You don’t have to bat 1.000 or even .350 in this game. Get just a handful of your accusations and strange takes on reality into the political bloodstream and you’ve won.

Bachmann’s method is now common currency. And here’s the beautiful thing: Even as the regular media does some of your work for you, you lambaste the very same media. This only creates more pressure on them to cover you.

“I fully anticipate the mainstream liberal media to put a detrimental spin on my decision not to seek a fifth term,” she said in her eight-minute, 40-second video announcing her decision not to run. She practically invited reporters to do just that by insisting her decision did not stem from the danger she might lose re-election or because of an investigation into the finances of her 2012 presidential campaign. Is citing her denials a form of “detrimental spin?”

Her video provided choice examples of the Bachmann method and the extent to which it is now being emulated by others. She denounced “this administration’s outrageous lack of action in Benghazi, Libya, and the subsequent political cover-up, which resulted in the deaths of four honorable, dedicated public servants.”

Note the clever construction of that sentence. It implies that it’s the administration’s “political cover-up” that led to the killings in Benghazi. It’s hard not to conclude that she’s saying those deaths were all about President Obama’s political needs.

“I’ve also called out this administration and the Treasury Department,” she added, “for allowing and perhaps even for encouraging partisan, selective enforcement against American citizens based upon their political beliefs that aren’t in line with those of the administration.”

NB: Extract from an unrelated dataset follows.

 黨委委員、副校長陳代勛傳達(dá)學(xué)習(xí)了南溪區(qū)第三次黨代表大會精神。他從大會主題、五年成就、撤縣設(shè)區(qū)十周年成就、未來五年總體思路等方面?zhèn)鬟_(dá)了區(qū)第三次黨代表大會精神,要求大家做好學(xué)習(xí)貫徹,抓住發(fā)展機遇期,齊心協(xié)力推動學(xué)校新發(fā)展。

At best, in the Bachmann formulation, Team Obama was “allowing” this political persecution to go on, which implies that the White House was fully informed of what was happening in that Cincinnati IRS office, for which there is no evidence. But she didn’t stop there: Again with no evidence, she just alleges that the administration might be guilty of “perhaps even … encouraging” the harassment of its opponents.

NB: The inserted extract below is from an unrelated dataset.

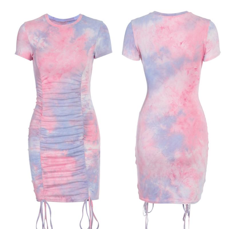 Buy Women Short Sleeve O Neck Bodycon Mini Dress Gradient Colorful Tie Dye Print Ruched Side Drawstring Tight Party Clubwear At Affordable Prices Free Shipping Real Reviews With Photos Joom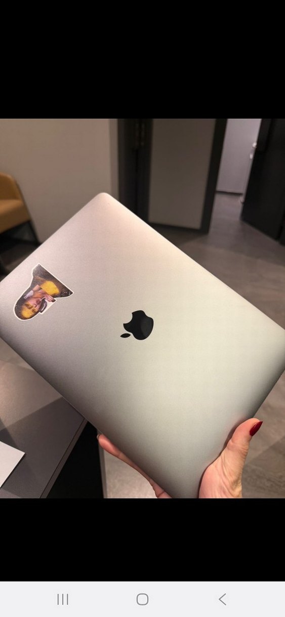 Gri renkte Apple MacBook dizüstü bilgisayar, kapakta küçük bir dekoratif çıkartma ile. 2016 MacBook Pro13"TouchBar&Touch IDInter Core i5 16GB RAM/256GB dahili hafıza

But hey, it’s Obama, so you can suspect anything. After all, as Bachmann once said, “most Americans are wild about America, and they are very concerned to have a president who doesn’t share those values.”

My nominee for the ultimate in Bachmannism was her slander against the program encouraging citizens to serve the nation and each other. Opposing a bill to expand AmeriCorps, she warned that “there are provisions for what I would call re-education camps for young people, where young people have to go and get trained in a philosophy that the government puts forward and then they have to go to work in some of these politically correct forums.” Cambodia under the Khmer Rouge is just around the corner.

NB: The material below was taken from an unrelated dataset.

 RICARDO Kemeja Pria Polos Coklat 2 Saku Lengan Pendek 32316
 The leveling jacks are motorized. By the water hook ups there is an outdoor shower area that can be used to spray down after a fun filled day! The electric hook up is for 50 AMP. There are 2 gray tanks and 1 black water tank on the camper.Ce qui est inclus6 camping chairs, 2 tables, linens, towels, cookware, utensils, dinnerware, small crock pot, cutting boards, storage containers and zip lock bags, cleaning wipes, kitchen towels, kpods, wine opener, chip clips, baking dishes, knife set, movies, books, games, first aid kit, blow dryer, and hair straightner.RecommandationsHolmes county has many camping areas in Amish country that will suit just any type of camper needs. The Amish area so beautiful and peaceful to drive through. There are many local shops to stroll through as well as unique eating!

Bachmann’s retirement should foster some soul-searching about the nature of our political discourse and how easy it is for falsehood and innuendo to get treated as just one more element in the conversation — no more or less legitimate than any other.

This is the very sort of relativism (“my ‘truth’ is as good as your ‘truth'”) that sound conservatives condemn. It ends in nihilism.

Bob Dole, one of those sound conservatives and a revered party warhorse, wanted his party to shut down for a while so it could “spend that time going over ideas and positive agendas.” Bachmannism substitutes accusations for ideas and paranoia for an agenda. Alas, there’s little reason to think it will leave the stage with her.